The accelerationist deep inside me is lowkey smug about this. Maybe, just maybe, this will push for the adoption of more open source software in business critical applications.

14 votes

[10]
papasquat
July 19, 2024
Link Parent
Open source wouldn't really have fixed this. There are plenty of examples of massive issues caused by open source packages as well (heartbleed, for example). The main cause of this sort of thing...

Open source wouldn't really have fixed this. There are plenty of examples of massive issues caused by open source packages as well (heartbleed, for example).

The main cause of this sort of thing having such a wide impact is massive numbers of machines all running the same software. Unfortunately there's really no way around that. It's not like my company is going to write their own EDR platform.

It's just one of those things that have to be factored in when deploying IT systems. All critical functions need a continuity plan in case absolutely nothing works, because sometimes, nothing works.

26 votes
1. [9]
  krellor
  July 19, 2024
  Link Parent
  I haven't used crowdstrike, but don't enterprises have the ability to create patch windows? I used a competitors product, and we could schedule patches to hit dev before prod, which would have...
  
  I haven't used crowdstrike, but don't enterprises have the ability to create patch windows? I used a competitors product, and we could schedule patches to hit dev before prod, which would have caught this.
  
  3 votes
  1. [4]
    TheJorro
    July 19, 2024
    Link Parent
    Yeah, every company I've been with built and deployed its own Windows patches. I believed this was the normal until this morning... Insane that CrowdStrike works by automatically and silently...
    
    Yeah, every company I've been with built and deployed its own Windows patches. I believed this was the normal until this morning...
    
    Insane that CrowdStrike works by automatically and silently updating all computers in an enterprise immediately. That's a huge red flag. There should always be a test batch.
    
    15 votes
    
    [2]
    papasquat
    July 19, 2024
    Link Parent
    It's kind of the norm for this type of security software. Most software patches in an enterprise are handled by a centralized patch management system that are tested on the hardware that...
    
    It's kind of the norm for this type of security software. Most software patches in an enterprise are handled by a centralized patch management system that are tested on the hardware that enterprise uses before someone manually kicks off a deploy.
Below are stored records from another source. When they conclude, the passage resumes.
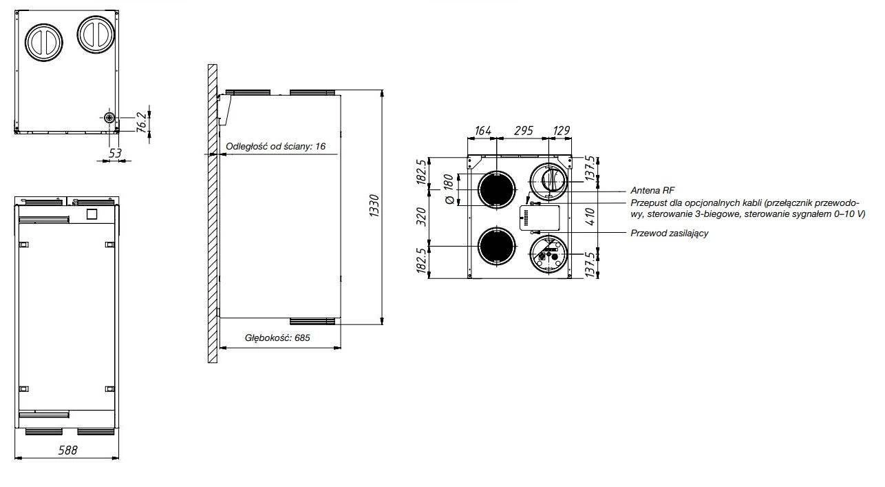 - Przyłącza kanałów powietrza na górze i na dole, z możliwością montażu na prawą lub lewą stronę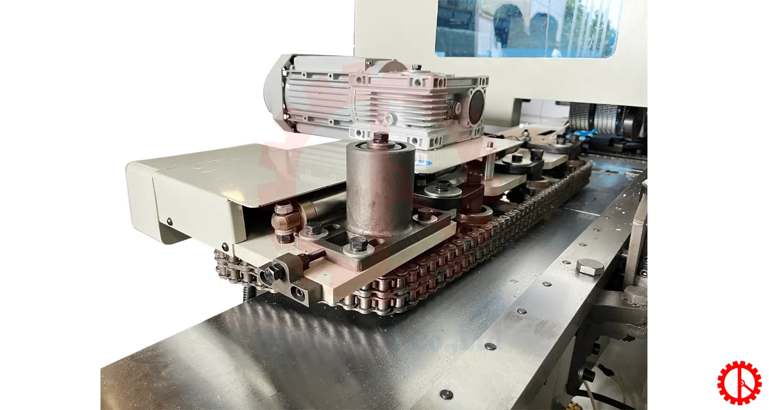- Hệ thống bánh xe đưa phôi làm bằng thép giúp đưa phôi hiệu quả, bền, hạn chế mài mòn.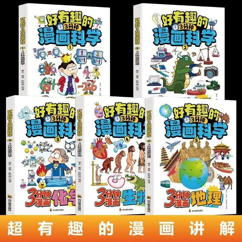 3分钟漫画科学 孩子超喜欢 5册 小学生版 科学书数学生物地理物理化学儿童趣味百科全书科普类书籍三四五六年级读物 正版 好有趣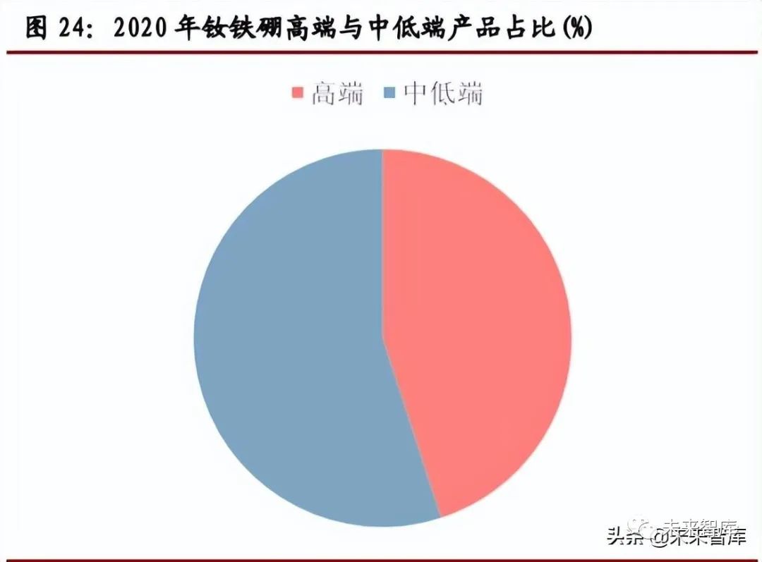 稀土下游廣泛,其中稀土永磁材料是需求最大、消費價值最高的領域,稀土鐠釹 主要用於製造第三代稀土永磁材料釹鐵硼。釹鐵硼下游同樣較為分散,其中 2020 年高性能釹鐵硼佔比約 45%,被廣泛應用於新能源汽車、風電、節能環保等新興 產業中,新能源浪潮下成長空間巨大;中低端釹鐵硼主要應用於箱包扣、門扣、玩具、磁選等傳統領域。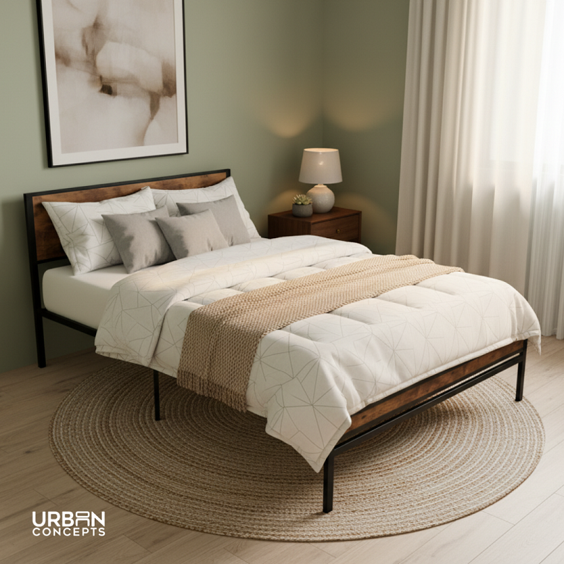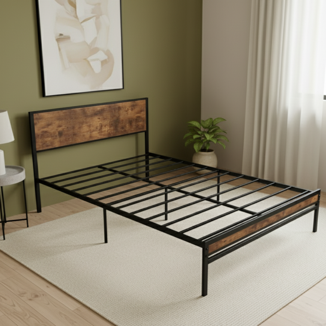 Transform your bedroom with the sleek and modern Becca Bed Frame — where industrial style meets everyday comfort. Designed with a sturdy black metal frame and complemented by warm walnut wood-finish panels on the headboard and footboard, this bed adds a touch of contemporary elegance to any space.

EDR software usually automatically updates itself with updated data because cyber threats emerge very quickly, and a zero day can be used to exploit a lot of machines very very quickly. There have been countless attacks that could have been prevented by up to date EDR software, and up until now, there hasn't really been a widespread issue with that kind of software causing massive outages.
    
    I imagine that risk analysis may yield a different outcome after taking this incident into account though.
    
    10 votes
    
    TheJorro
    July 19, 2024
    Link Parent
    Right, I supposed that there would have been a practice of testing it quickly on a batch of machines with a 1-3 hour window for approval before deploying it out wide. I think everyone has a story...
    
    Right, I supposed that there would have been a practice of testing it quickly on a batch of machines with a 1-3 hour window for approval before deploying it out wide. I think everyone has a story where a single typo caused an issue with a release at some point, this kind of thing can happen so it's good to have a just-in-case test step. It seems like dangerous practice to me to simply launch to all machines at once without a precursory test, which we're seeing the result of here.
    
    3 votes
    
    krellor
    July 19, 2024
    Link Parent
    Yeah. I understand the need to quickly get updates out to security software. But... some environments require every change to be pre-authorized and tested. So it seems like a feature to group your...
    
    Yeah. I understand the need to quickly get updates out to security software. But... some environments require every change to be pre-authorized and tested. So it seems like a feature to group your devices and force them to update in sequence with a delay between and the ability to halt updates would be a must have in an enterprise offering.
    
    Move fast and break things is great when the things aren't people, airplanes, or stock markets.
    
    5 votes
  2. [2]
    WiseassWolfOfYoitsu
    July 19, 2024
    Link Parent
    Falcon is a threat sensor - it uses data bundles similar to an antivirus. The impression I've gotten from descriptions of the problem is that this is less update-update with new code and is more...
    
    Falcon is a threat sensor - it uses data bundles similar to an antivirus. The impression I've gotten from descriptions of the problem is that this is less update-update with new code and is more equivalent to a bad antivirus threat definition package. These generally aren't something you want to delay. It does call in to question Falcon's parsing of the files if it can't handle an error without BSOD, though.
    
    4 votes
    
    krellor
    July 19, 2024
    Link Parent
    I get that it is similar to updating a fingerprint dictionary. But I've worked in environments where those had to be authorized as well. Anything involving a high CVE remote exploit was instantly...
    
    I get that it is similar to updating a fingerprint dictionary. But I've worked in environments where those had to be authorized as well. Anything involving a high CVE remote exploit was instantly tested in dev and rolled to prod shortly. If necessary and not already in place, we'd put at F5 in front of customer facing services or other mitigations while we rolled the updates through the process.
    
    Anything less critical would make it through in 1-3 days.
    
    4 votes
  3. [2]
    MimicSquid
    July 19, 2024
    Link Parent
    Crowdstrike doesn't allow for that, no.
    
    Crowdstrike doesn't allow for that, no.
    
    1 vote
    
    krellor
    July 19, 2024
    Link Parent
    That seems like a feature with a story to market. 🙂
    
    That seems like a feature with a story to market. 🙂
    
    3 votes
    
    Comment removed by site admin
    Link Parent

arqalite

July 19, 2024

Link

Yeah, the company I work at was crippled by this, we were instructed to turn off all machines until further notice. Thankfully an update seems to have resolved the issue.

9 votes

[12]

Jambo

July 19, 2024

Link

My laptop was affected but I have the added bonus of somehow having bitlocker enabled on my machine.... None of my accounts show this machine has bitlocker and I've never set it up, I don't really...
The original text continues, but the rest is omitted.